GOVERNMENT RAISES PENSIONS. President Putin has signed a decree raising the minimum pension by 10 percent to 660 rubles ($23), ORT reported on 1 August. The increase will affect about 18 million pensioners, although the recent hikes in the cost of utilities and rent may wipe out any gains. ("RFE/RL Newsline," 2 August)

REGIONAL OFFICIALDOM LEARNS HOW TO DRESS FOR SUCCESS. Authorities in Saratov have issued a document called "Recommendations for the external appearance of workers in state establishments," "Kommersant-Daily" reported on 26 July. According to the document, "clothing should raise the authority of the individual worker and the organization as a whole." The ideal male bureaucrat should wear a gray, blue, or beige suit with a white or pastel-colored shirt and a silk tie. The cuffs should not be rolled up except to look at one's watch. The recommendations for female workers have more of a "prohibitive character": no clothes of a particularly cheap or expensive nature, short skirts, lacy tights, loudly colored nail polish, or strong perfume. The deputy head of the government apparatus said that the recommendations are only that, and no one will be disciplined for not following them. However, the correspondent notes that "still it is possible to look to the future of the oblast government with hope" especially when residents recall the previous brochure "Etiquette in Saratov Oblast," which practically all bureaucrats there always have on hand. ("RFE/RL Russian Federation Report," 2 August)

AMETISTOV FOUNDATION. The Ametistov Foundation is a nonprofit organization involved in such civil society issues as the theory and practice of international legal and constitutional protection of human rights. The Foundation, named for Russian legal scholar Ernst Ametistov, conducts educational programs for young journalists, politicians, officials, lawyers and others connected with human rights concerns. Human rights issues relating to Russian legal practice include: the 1993 Russian Federation Constitution: the legal system; constitutional control; criminal, administrative, and civil legal proceedings; executive power; parliamentary mechanisms; individual rights and freedoms. (Center for Civil Society International, 27 July)

TOTAL ECLIPSE OF SOVIET-ERA CHIEF RABBI. With the appointment in March of Berl Lazar in place of Adolf Shayevich on the presidential Council for Cooperation with Religious Organizations, the Putin administration placed its definitive seal of approval on the former as the legitimate leader of Russia's Jews. Keston News Service heard widely differing accounts of the dispute between the two chief rabbis from a variety of Jewish commentators, some of whom mentioned the role in the affair of out-of-favor oligarch Vladimir Gusinsky. One representative told Keston that Judaism "should not be a card in some kind of political game -- the consequences are always bad. Politics should not interfere in religion." (Keston News Service, 24 July)

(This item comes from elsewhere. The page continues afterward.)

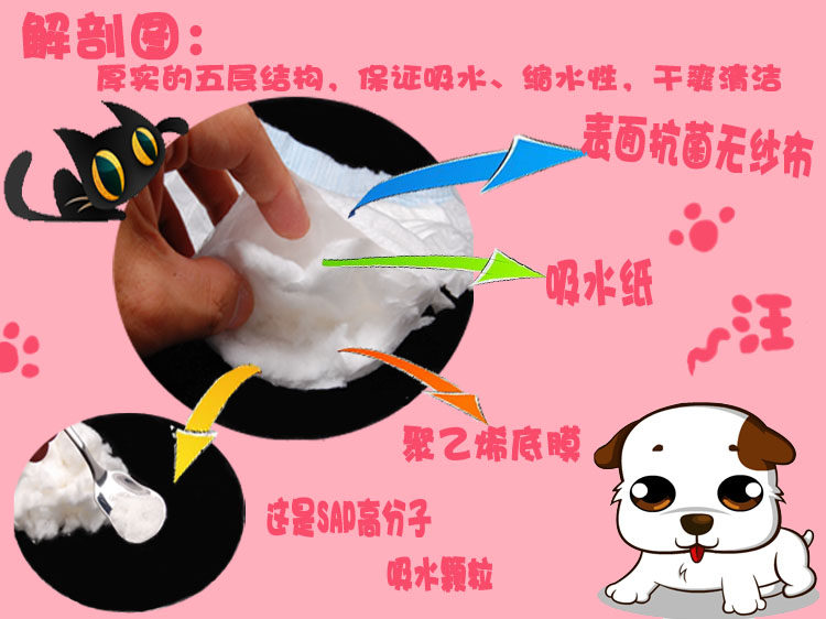專為狗狗月經、例假、大小便失禁和疾病護理期設計,一次性既方便又衛生,大吸水量,超干爽,不用擔心細菌滋生感染等!

RIVAL JEWISH ORGANISATIONS BATTLE FOR SUPREMACY. Whereas Berl Lazar's eclipse of Adolf Shayevich as chief rabbi now appears to be total (see above), the battle for hegemony between the two Jewish leaders' religious organizations is still underway. And just as the seemingly insurmountable obstacle to becoming chief rabbi of his non-Russian citizenship has been removed, so the identification of Lazar's organization with a minority strain of Judaism is proving no impediment to its bid to represent the majority of Russia's practicing Jews. (Keston News Service, 24 July)

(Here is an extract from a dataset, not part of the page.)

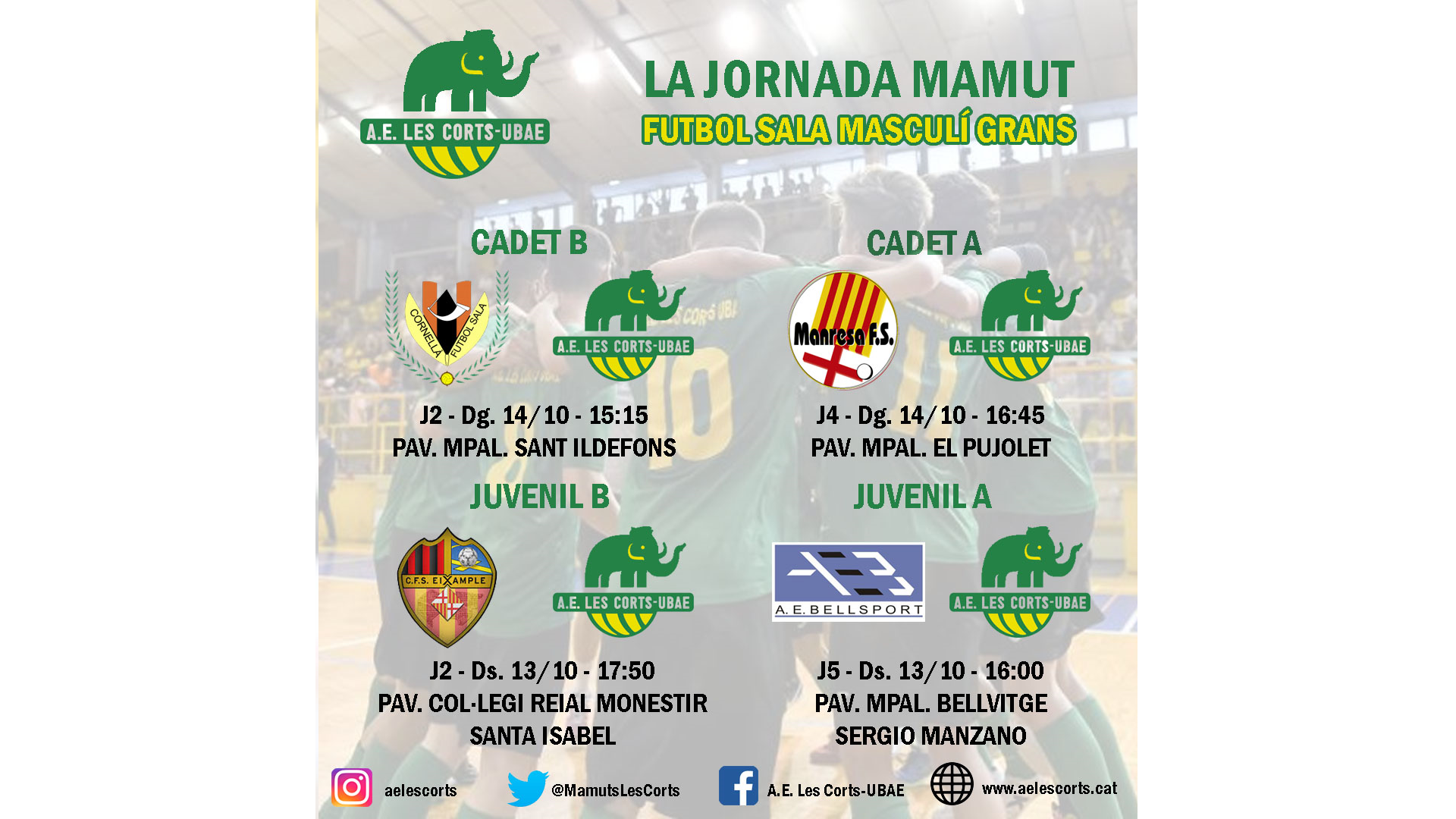 El pont no ens atura! A continuació us deixem la prèvia de la jornada. Molts partits interessants amb desplaçaments força complicats. Destaquem el partit del Cadet A davant el Manresa F.S.. No dubteu en venir a animar els mamuts!

PLIGHT OF REFUGEES RECONSIDERED. In Belgrade on 4 August, Yugoslav President Vojislav Kostunica's Democratic Party of Serbia said in a statement that the time has come to give "serious consideration" to how to help the tens of thousands of Serbian refugees from Croatia who have been in Serbia since 1995, RFE/RL's South Slavic Service reported. Milosevic incited and armed the rebellion so that the Serbian minority could "remain in Yugoslavia." Once the Serbs fled advancing Croatian troops, however, Milosevic largely ignored them and did not grant them citizenship. Refugees without friends or family in Serbia were often forced into destitution. ("RFE/RL Newsline," 6 August)

'INTOLERANCE' OBSTRUCTS VISHNU COMMUNITY ACTIVITY. Serbia's Vishnu faith community complains that it faces not just slanderous media coverage to which it cannot respond, but that popular sentiment against it has hindered other public activity, including practical help to refugees. Since its Belgrade temple was demolished by thugs in 1993 it has been unable to acquire a permanent meeting place. (Keston News Service, 31 July)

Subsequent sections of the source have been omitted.